$\mathbf{C^2}$-Lusin approximation of strongly convex bodies

TL;DR

This paper demonstrates that strongly convex bodies can be approximated by smooth, strongly convex bodies with boundaries arbitrarily close in measure, preserving strong convexity if present initially.

Contribution

It establishes a $C^2$ approximation method for strongly convex bodies, ensuring boundary proximity and convexity preservation.

Findings

Existence of $C^2$ strongly convex approximations within any boundary neighborhood.

Approximate bodies can be made arbitrarily close in boundary measure.

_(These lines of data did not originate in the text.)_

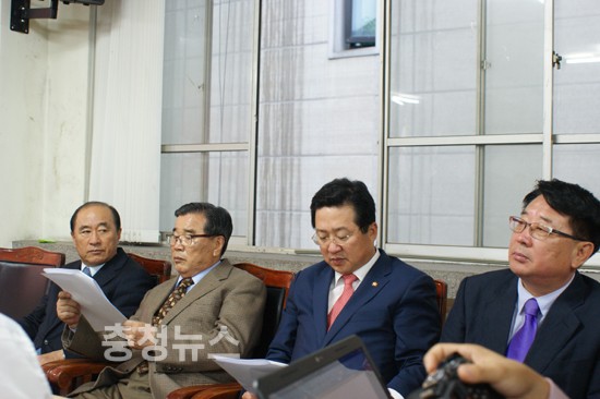 ▲ 오장섭 前건교부장관, 조준호 前대전일보사장, 이장우 시당위원장, 이상태 前대전시의회 의장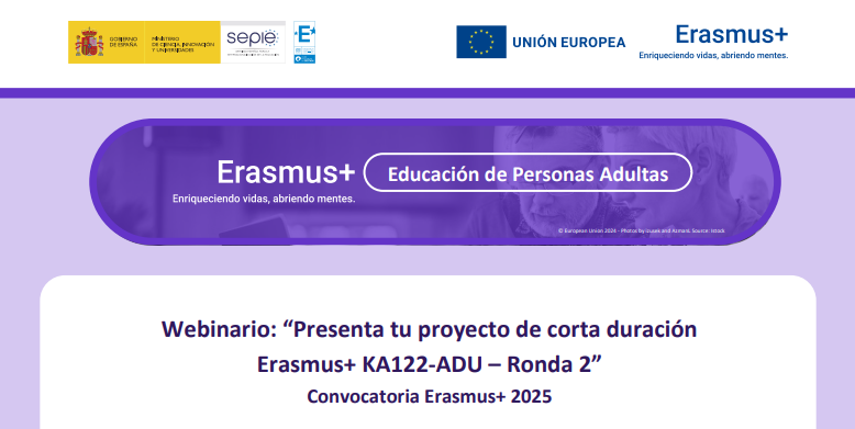 Webinar: “Presenta tu proyecto de corta duración Erasmus KA122-ADU – Ronda 2”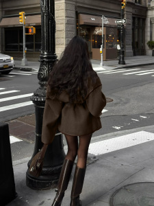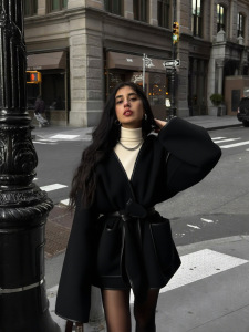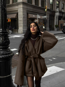 现货欧美跨境2025秋冬季女装口袋外套气质优雅复古腰带中长大衣
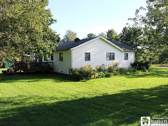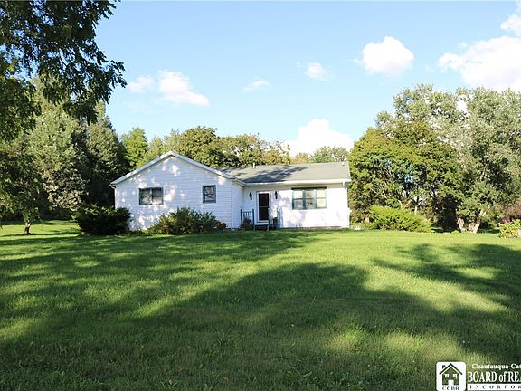 A solid Ranch home on approx. 4.6 acres minutes from town. 3 spacious bedrooms and the master has its own bath and large double closets. A second half bath has room for a bath/shower to be installed or the laundry moved upstairs. Open floor plan w/ lg living/dining combo that is open to the kitchen. A full basement with laundry room, craft room, root cellar and workshop, room for it all. A large back deck overlooks a peaceful yard with apple trees, blueberries bushes and more. A new boiler, hot water tank, front and back doors. Bypass generator stays. Easy access to 86, Ellicottville and Chautauqua.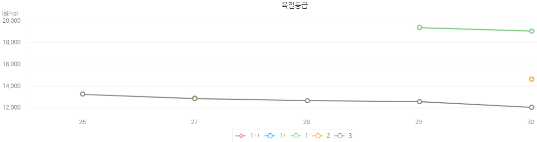 육질등급 | 육량등급 | 전체 | 등락 | ||||||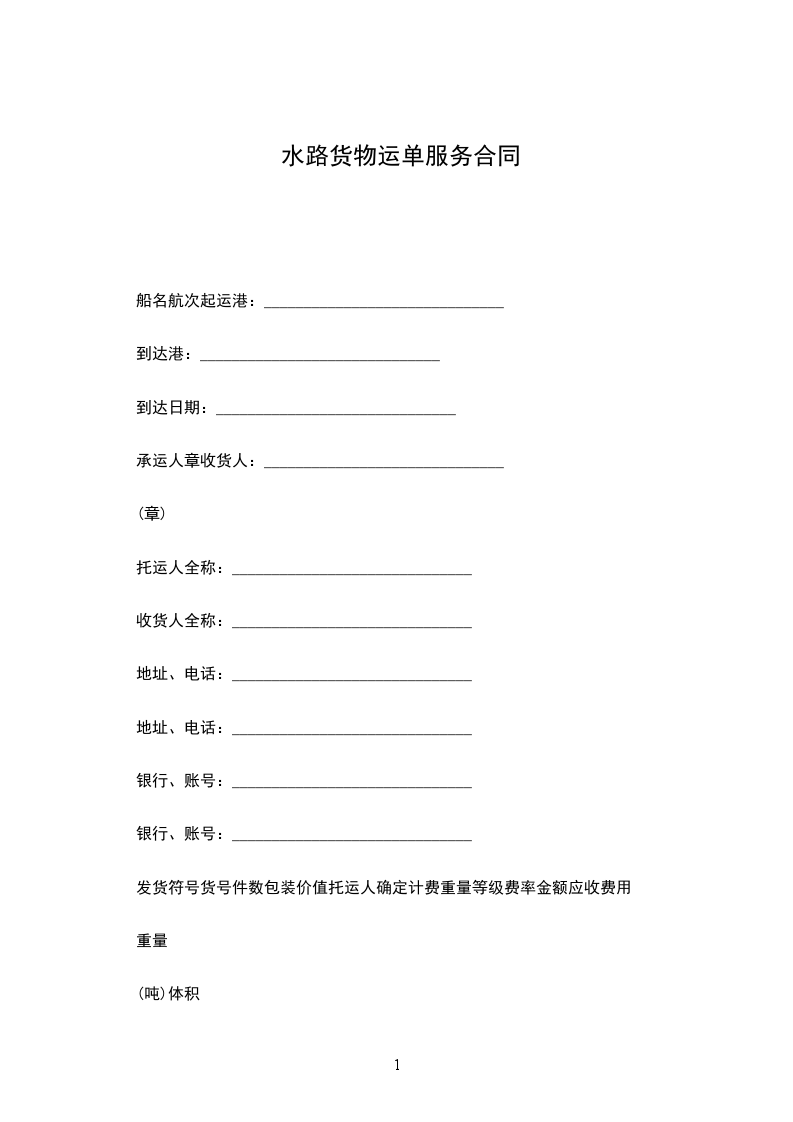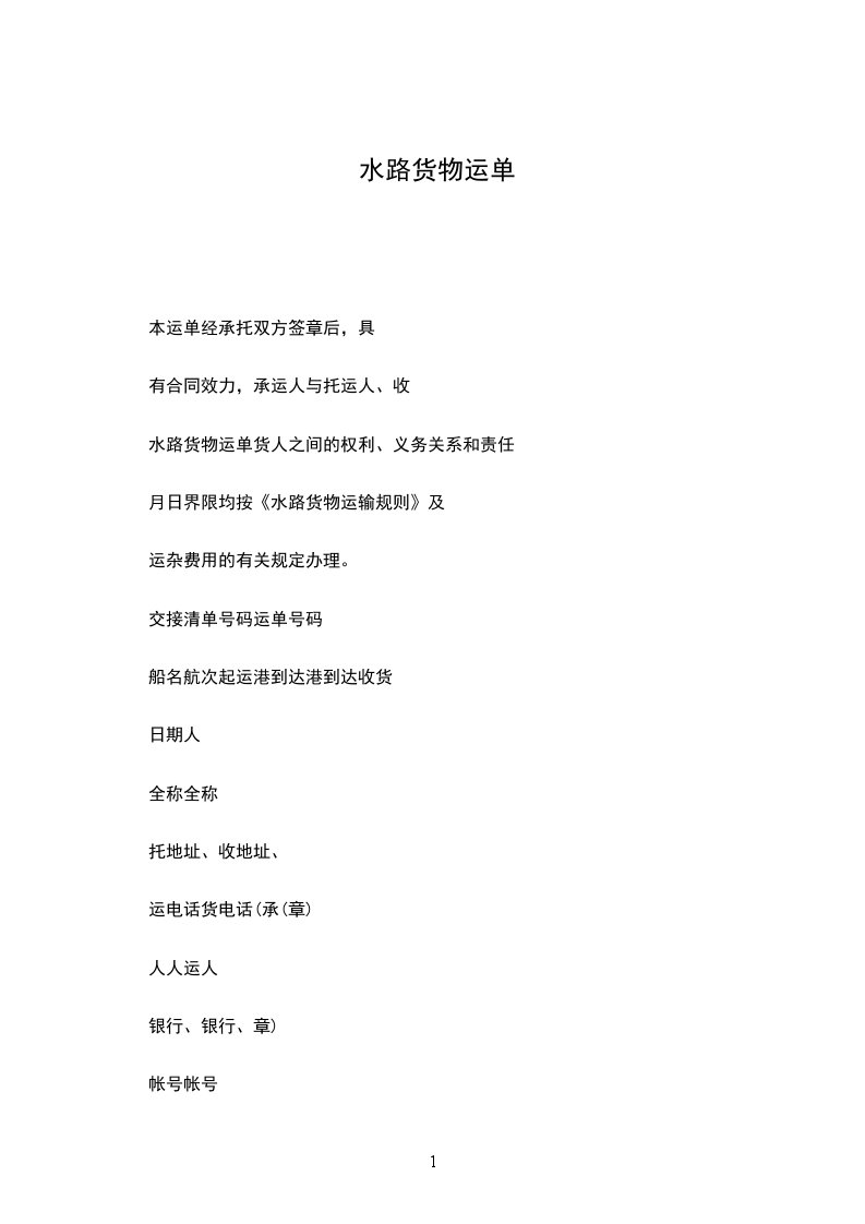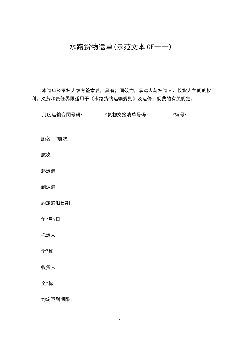 1.此货物运单主要适用于江、海干线和跨省运输的水路货物运输。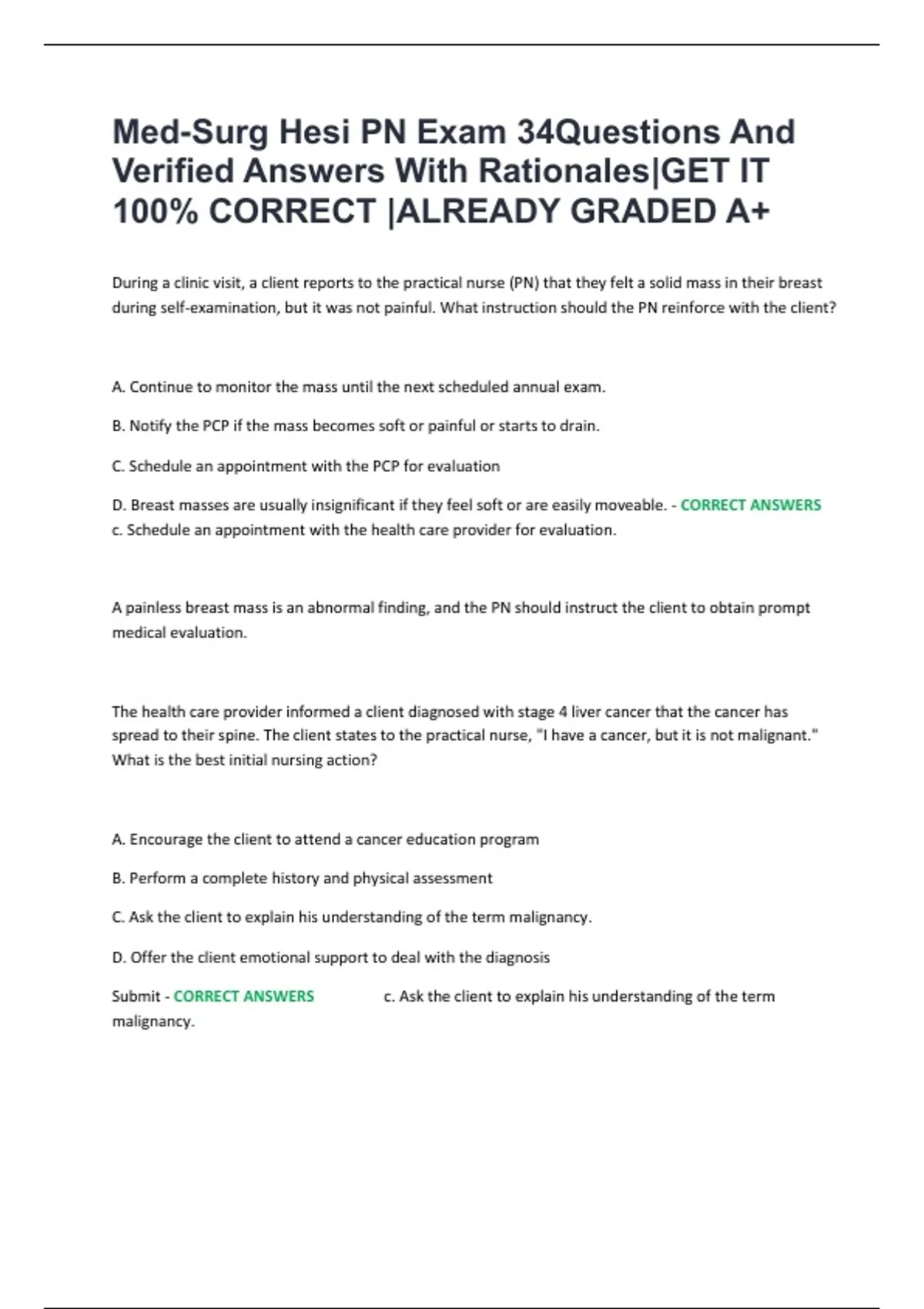 Summary Med-Surg Hesi PN Exam 34Questions And Verified Answers With Rationales|GET IT 100% CORRECT |ALREADY GRADED A+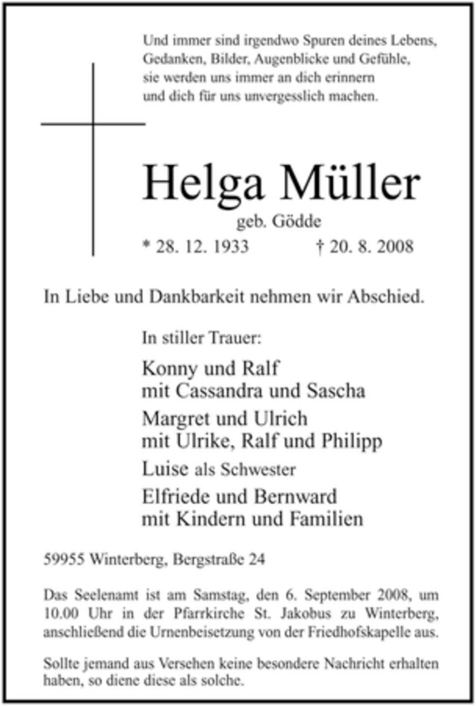 Hier finden Sie alle Traueranzeigen aus der Zeitung, die bisher für Helga Müller erschienen sind. Weitere Traueranzeigen, die in der Zeitung erscheinen, werden hier ebenfalls aufgelistet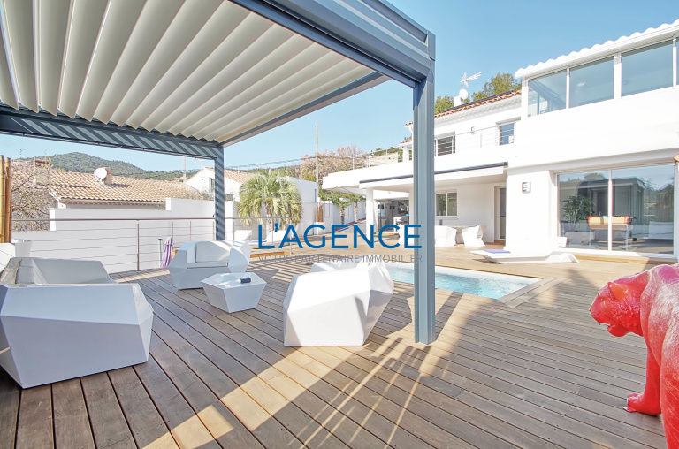 Hyères dans un secteur résidentiel Villa d'architecte de 200 m2 entiérement rénovée en 2018 sur un terrain de 700 m2 offrant de tres belles prestations et une vue dégagée allant jusqu'a la mer .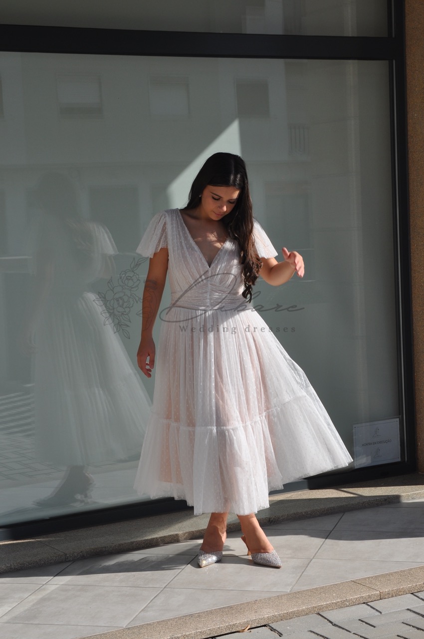 Evocando uma estética de bailarina moderna este vestido é perfeito para eventos especiais, desde cerimónias civis a festas de gala.

Strong convexity is preserved in the approximation if the original body is strongly convex.

Abstract

We prove that, if $W \subset \mathbb{R}^n$ is a locally strongly convex body (not necessarily compact), then for any open set $V \supset \partial W$ and $\varepsilon>0$, and $V \supset \partial W$ is open, then there exists a $C^2$ locally strongly convex body $W_{\varepsilon, V}$ such that $\mathcal{H}^{n-1}(\partial W_{\varepsilon, V}\triangle\,\partial W)<\varepsilon$ and $\partial W_{\varepsilon, V}\subset V$. Moreover, if $W$ is strongly convex, then $W_{\varepsilon, V}$ is strongly convex as well.